Goldman Sachs, JPMorgan, Morgan Stanley: bankers' travails
The season of banks' second quarter results is nearly upon us, starting with JPMorgan, Citi and Wells Fargo this Friday. For investment bankers, it will mostly not be pretty. But for M&A bankers especially, it could be very ugly.
Dick Bove, the veteran US banking analyst, says M&A bankers at leading American banks have had a truly terrible second quarter. He thinks year-on-year revenues in M&A at leading US investment banks were down 54% year-on-year in Q2. At universal banks, he thinks they were down 60%.
Bove says some banks' M&A bankers did better than others (Goldman Sachs, Bank of America), but no M&A bankers did well.

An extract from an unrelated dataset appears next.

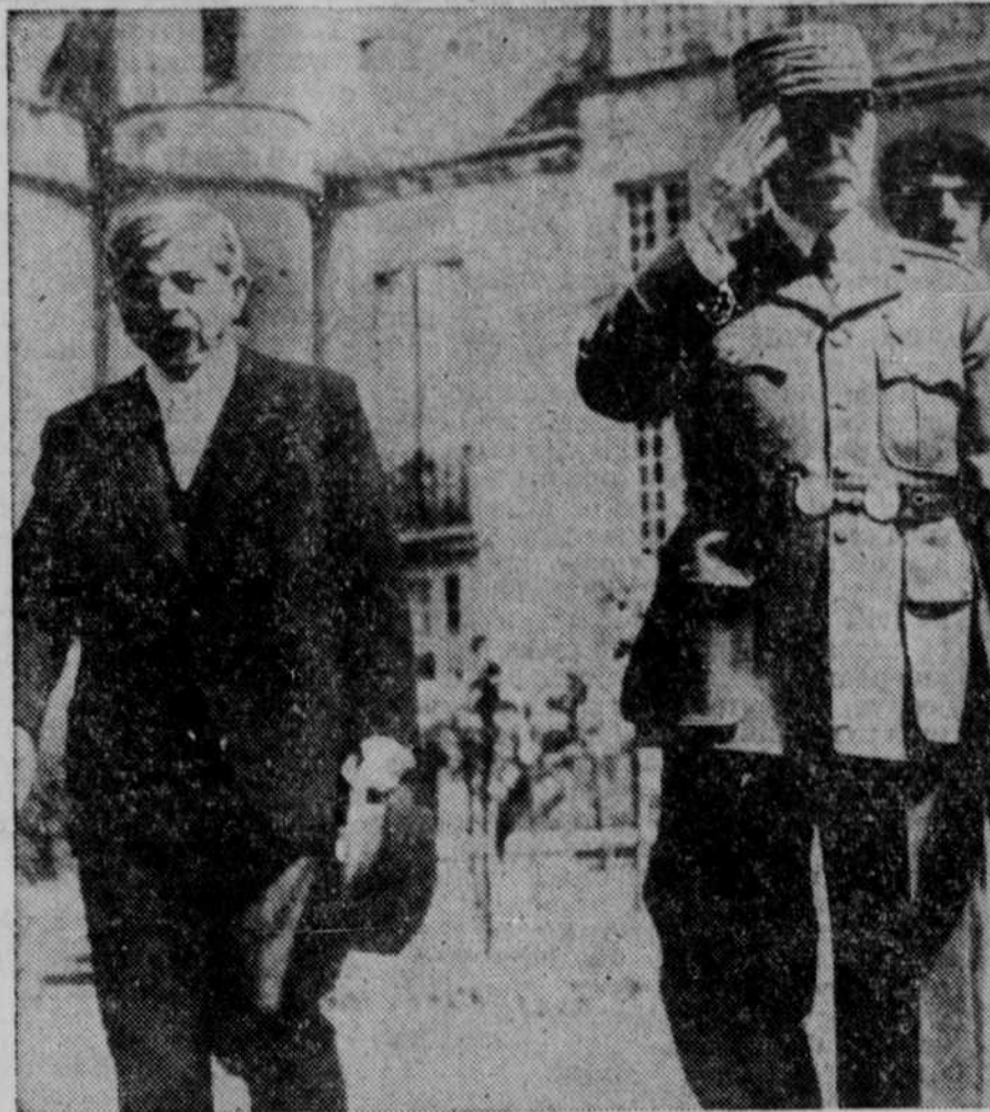
This photo, published in a German propaganda magazine, shows Pierre Laval with Marshal Petain, aged chief of state of France, as they inspected troops at Vichy before the Nazis took over what was left of France. Petain solemnly named Laval fascist dictator and Petain's presumptive heir to replace Admiral Darlan who "sold out" to Allies.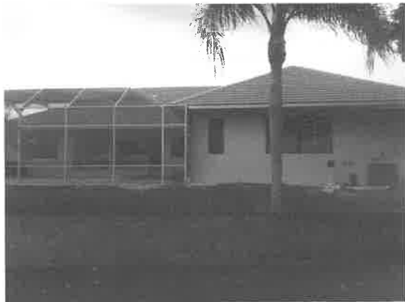
Rear View 3/26/2012

How is it, then, that M&A bankers have been making ebullient statements about their pipelines? This is partly because it's in M&A bankers' DNA to do this, but also because things genuinely are better than they were a few months' ago. Bove's quarter-on-quarter charts are looking far more promising, particularly at Bank of America and Morgan Stanley. M&A bankers there will be hoping that the recent recovery will be sufficient to create a stay of execution. JPMorgan's M&A bankers might have a harder time selling this story.
Away from M&A, Bove says US equity capital markets (ECM) bankers had the finest time in the second quarter. US debt capital markets (DCM) bankers focused on high yield issuance had the second finest. But you probably didn't want to be a banker working on leveraged loans or debt capital markets in Asia.